Spiritual Well-Being and Psychological Adjustment: Mediated by Interpersonal Needs?

Journal of Religion and Health
Ashly L. Gaskin-Wasson, Kristin L. Walker, Lilian J. Shin, Nadine J. Kaslow


Spiritual well-being has been shown to reduce suicidal behavior, depressive symptoms, and hopelessness. Thwarted interpersonal needs have been shown to increase risk of suicidal behavior. This paper aims to explore the interrelationships among spiritual well-being, thwarted interpersonal needs, and negative outcomes including suicidal ideation, hopelessness, and depressive symptoms among African American women.
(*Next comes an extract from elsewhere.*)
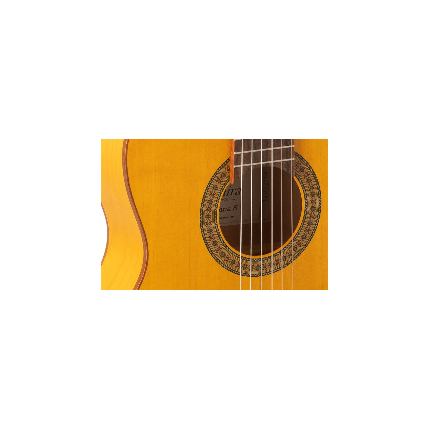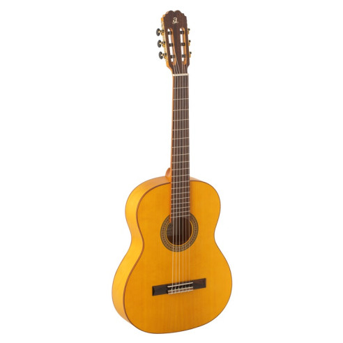 La admira TRIANA, está construida para que sea tu primera guitarra flamenca. Una guitarra cómoda, fácil de tocar y que con su tapa de abeto y los aros y fondos de arce te va a permitir descubrir el maravilloso sonido flamenco. La TRIANA se fabrica en todos estos tamaños y formatos: 3/4, 4/4, satinada, electrificada Fishman con cutaway, electrificada Fishman, electrificada EQ6 con cutaway, electrificada EQ6 y ahora también con el preamplificado Double OS1.

Sixty-six African American women (M = 36.18; SD = 11.70), from a larger study of women who had experienced interpersonal violence within the past year, completed self-report questionnaires. Mediation analyses revealed that thwarted belongingness, but not perceived burdensomeness, significantly mediated the relations between spiritual well-being and the three outcomes. This study provides the first examination of the role of thwarted interpersonal needs on the link between spiritual well-being and negative psychological outcomes. Spiritual well-being serves a protective role against feelings of social isolation, which may reduce one’s risk of negative psychological outcomes. Treatments that bolster a sense of spirituality and social connectedness may reduce suicidal ideation, hopelessness, and depressive symptoms.